Yo cuando hago un juego (de cartas) casi siempre digo antes: vamos a probar una cosa que leí y que no me creo que funcione... después del juego veo la pregunta venir me anticipo y digo yo: ¿ostias!! como lo has hecho!!! y se quedan chafaos diciendo: pero si yo no he hecho ná  :shock: y digo como que no, has cortao, has elejido una carta y no una cualquiera sino esa, has mezclado, etc, yo solo he sostenido la baraja y te he contado lo que leí, prueba en tu casa y verás !!

----------


## RNST

La mejor salida es decir:

¿El qué?

Pero también puedo improvisar y decir...


"En realidad esto nunca ha pasado"
"La verdad, no lo sé..."
"Si te lo dijese, total, pa'qué?"
"Mañana te lo cuento"
"Ése lo sabe" (y "desapareces" cuando valla a preguntarle)
"Con práctica"


Etc...aunque me quedo con el "muy bien, gracias"

----------


## hansoldragon

la verdad es que hay buenos consejos, yo les digo: "soy mago, no dios" y si siguen insistiendo les digo: "a mi me pagan por hacer esto, y si lo empezase a contar ya no me pagarian por eso no te lo voy a decir" (aunque no te paguen, pero se quedan tranquilos) y si ya siguen insistiendo (generalmente gente que suele estar bebida :d), pues le guardo la baraja o lo que este usando y paro de hacer magia, pero siempre con una sonrisa, y diciendoles que estoy cansado o lo que sea para que me dejen en paz.

----------


## Patito

Recuerdo a un amigo (y no estaba borracho) al que le hice el juego de las dos gomitas que se separan. Se quedó a cuadros. Lógicamente me preguntó que cómo lo hacía. "Frotando las gomitas.
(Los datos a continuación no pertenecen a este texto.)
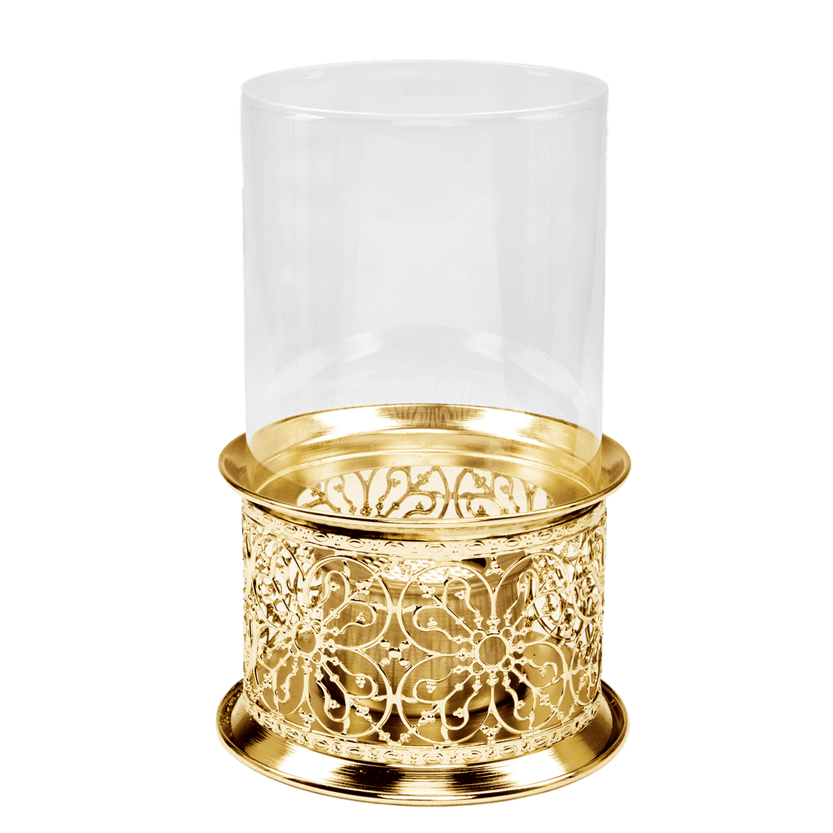 Αυτός ο κομψός επιτραπέζιος καυστήρας συνδυάζει την πρακτικότητα με την εκλεπτυσμένη αισθητική, αποτελώντας ιδανική προσθήκη για κάθε χώρο. Διαθέτει μια διαφανή γυάλινη καλύπτρα που προστατεύει τη φλόγα και προσφέρει ασφαλή χρήση, ενώ η περίτεχνη μεταλλική βάση του, με λεπτομερή σχέδια, προσδίδει μια νότα πολυτέλειας και παράδοσης. Είναι ιδανικός για τη δημιουργία ζεστής και φιλόξενης ατμόσφαιρας, είτε πρόκειται για το σαλόνι, την τραπεζαρία, είτε για επαγγελματικούς χώρους.

El truco está en frotar en el sitio justo, con la intensidad adecuada. Mira:" y se lo volví a hacer. La verdad es que estaba en un ángulo bastante propicio. Acabé, le di las dos gomitas, otras dos palmaditas en la espalda y le dije "Hala, macho, a practicar!". Estuvo algo así como casi media hora dándole vuletas a las dichosas gomitas....

Otras respuestas:
- "Pregúntale a la mano", en plan terminator
- "Esto es un sueñooooooo!", estilo Carlton del príncipe de Bel-Air (a ver quién se acuerda).
- "Tengo poderes. He parado el tiempo, he cambiado tu carta, me he ido al bar de la esquina a tomarme un café, he vuelto y he seguido con el juego"
- "Yo? Si no he hecho nada! Eres tú quien me ha engañado!"

Creo que depende la ocasión, el grado de confianza y el tipo de juego que estés realizando, es mejor decir una cosa u otra.

La opción de Ignoto me parece buenísima...  :Lol:

----------


## Azran

*Cuando estoy inspirado:*

-¿Como lo has hecho?
Yo respondo susurrando y mirando para todos lados.
-No te lo puedo decir, vendrian y me matarian si desvelo el secreto, shh puede que nos esten escuchando...

*Cuando no estoy inspirado:*

-Si te lo cuento pierde la gracia.  :Wink:

----------


## Kiwiman

*si me pregunta "AH! ¿como lo haz hecho?" le digo "asi...." y en eso le escupo la cara y me voy! :P ......bueno no sabria decirles por q soy nuevo y nunca e ehecho magia asi q ni idea pero yo les diria algo asi como "hey! es magia!....." o "jajaja..no men, te vas a volver en sapo" o solo sonrio....saludoS!*

----------


## Patito

... Bueno, sin comentarios...

Recuerdo un juego de Duvivier con 4 ases, que lo hace la primera vez, te lo repite la segunda mucho más lento y a la tercera te dice cómo lo hace, y te la vuelve a jugar. :? 
Como él dice: "Este es un juego para fastidiar a los espectadores pesados" (traducción libre)...

----------


## Patrick I. O'Malley

Bueno.. vaya por delante que me he reido mucho con varias respuestas. Reconozco que la perorata de Bea me ha encantado.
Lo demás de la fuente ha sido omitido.